(WHAT YOU SHOULD DO) Quote exactly the lines from the one with "而啄木鸟官方则回应:放弃公关" to the end of the data, both included; omit the pictures.

(COLLECTED MATERIAL)
•••

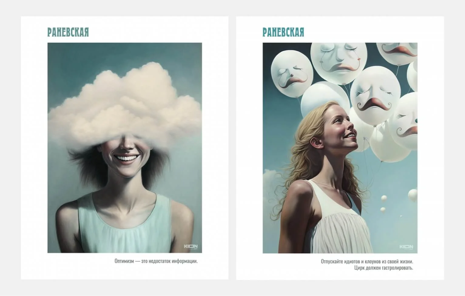 К выходу сериала «Раневская» онлайн-кинотеатр KION сделал постеры с помощью искусственного интеллекта. Для создание постеров креативщики отправили нейросети Midjourney запросы с цитатами советской актрисы Фаины Раневской и получили необычные иллюстрации. Сгенерированные постеры разместили в фойе Театра им. Моссовета, в котором Раневская прослужила 25 лет.
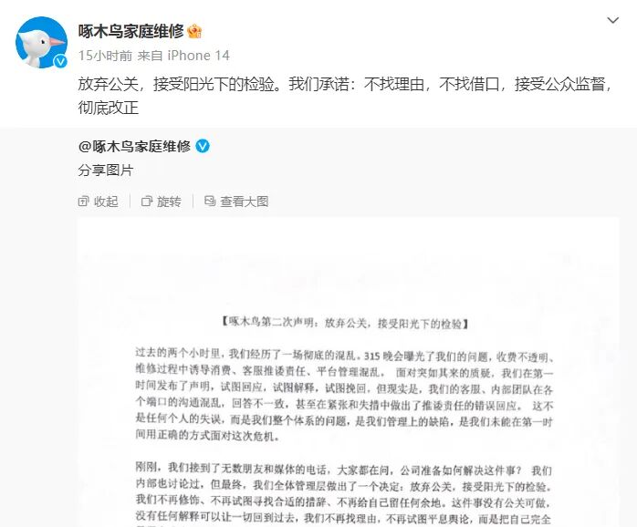 而啄木鸟官方则回应:放弃公关,接受阳光下的检验,我们承诺,不找理由,不找借口,接受监督,彻底改正。
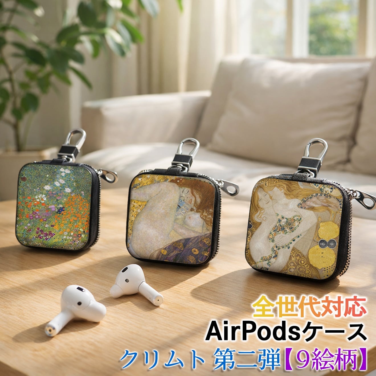 AirPods/Proケース 互換性あり 全世代対応 【世界の絵画】 クリムト 2弾 ワイヤレスイヤホンケース カラビナ付き ☆アール・ヌーヴォー☆ 水蛇 生と死 黄金 絵画 アート 衝撃吸収

•••

(RESPONSE TO THE TASK)
 而啄木鸟官方则回应:放弃公关,接受阳光下的检验,我们承诺,不找理由,不找借口,接受监督,彻底改正。
 AirPods/Proケース 互換性あり 全世代対応 【世界の絵画】 クリムト 2弾 ワイヤレスイヤホンケース カラビナ付き ☆アール・ヌーヴォー☆ 水蛇 生と死 黄金 絵画 アート 衝撃吸収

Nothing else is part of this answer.